Why anybody would buy ricotta is beyond me, it is so easy to make and it tastes 10X better than store bought.
Make a lasagna or some ravioli out of some you won't be sorry, actually it will blow you away. 

Everything looks fantastic.
Dan


----------



## noboundaries (Apr 28, 2021)

forktender said:


> Make a lasagna or some ravioli out of some you won't be sorry, actually it will blow you away.


Oh, yeah! I usually only make a couple lasagnas a year.  Might have to try making some fresh mozzarella, too. I've never done that, but it's on my bucket list.


----------



## forktender (Apr 28, 2021)

noboundaries said:


> Oh, yeah! I usually only make a couple lasagnas a year.  Might have to try making some fresh mozzarella, too. I've never done that, but it's on my bucket list.

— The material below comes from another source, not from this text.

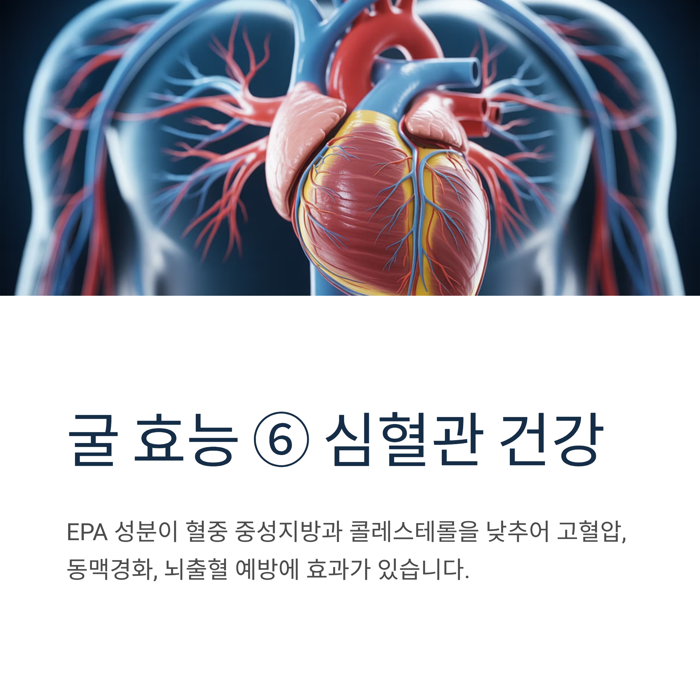 EPA 성분이 혈중 중성지방과 콜레스테롤을 낮추어 고혈압, 동맥경화, 뇌출혈 예방에 효과가 있습니다.
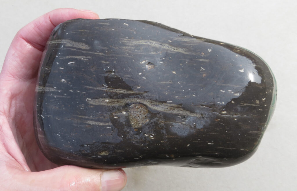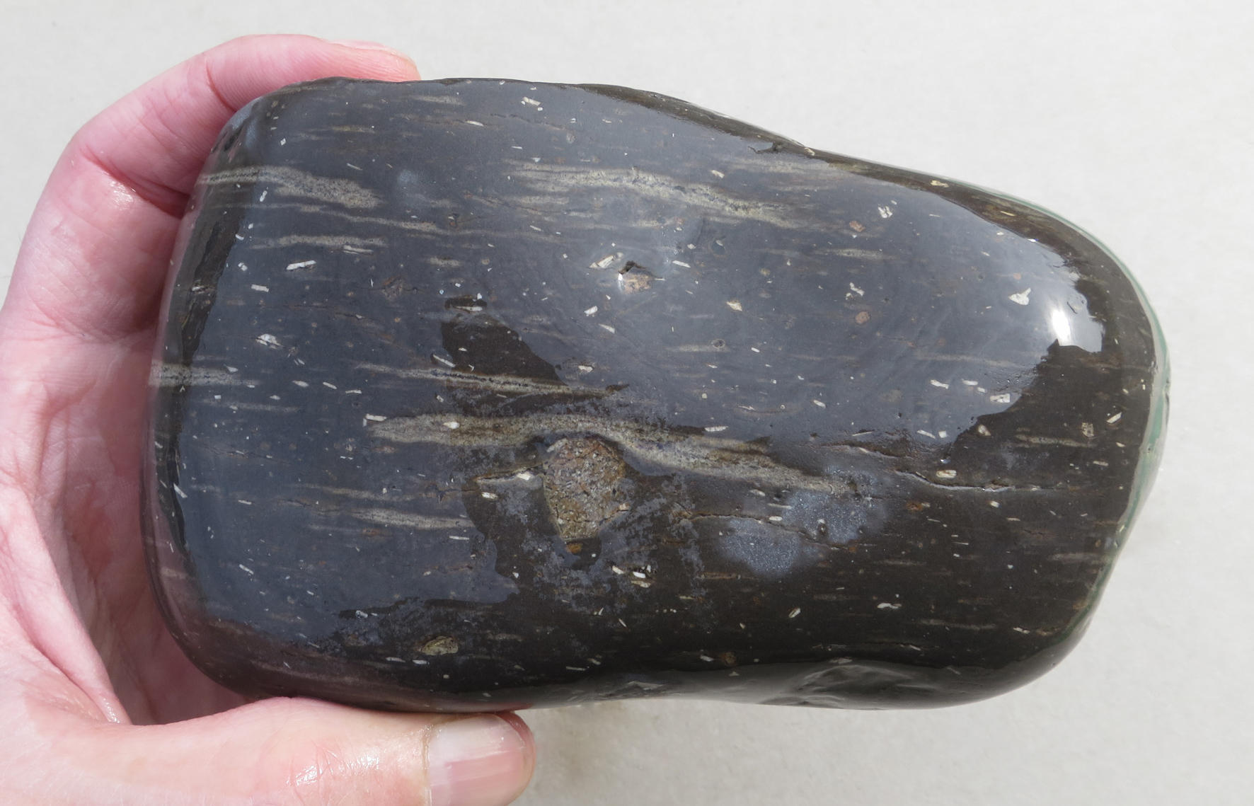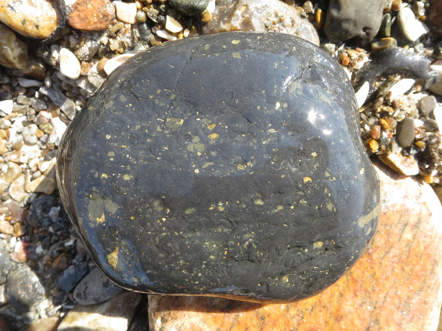 Abb. 30: schwarzer Oppkuven-Ignimbrit (?) mit dichter Grundmasse, Geschiebe von Tofte (NOR), Slg. F. Wilcke.

I made Mozza. in a pizza coarse that I took in the Napa Valley the hard part is making or finding curds for sale around here.
The stuff is scream'in good but a bit of a P.I.T.A to make. Have a good pair of heatproof rubber gloves the stuff is HOT when you stretch and ball it.


----------



## noboundaries (Apr 28, 2021)

forktender said:


> I made Mozza. in a pizza coarse that I took in the Napa Valley the hard part is making or finding curds for sale around here.
> The stuff is scream'in good but a bit of a P.I.T.A to make. Have a good pair of heatproof rubber gloves the stuff is HOT when you stretch and ball it.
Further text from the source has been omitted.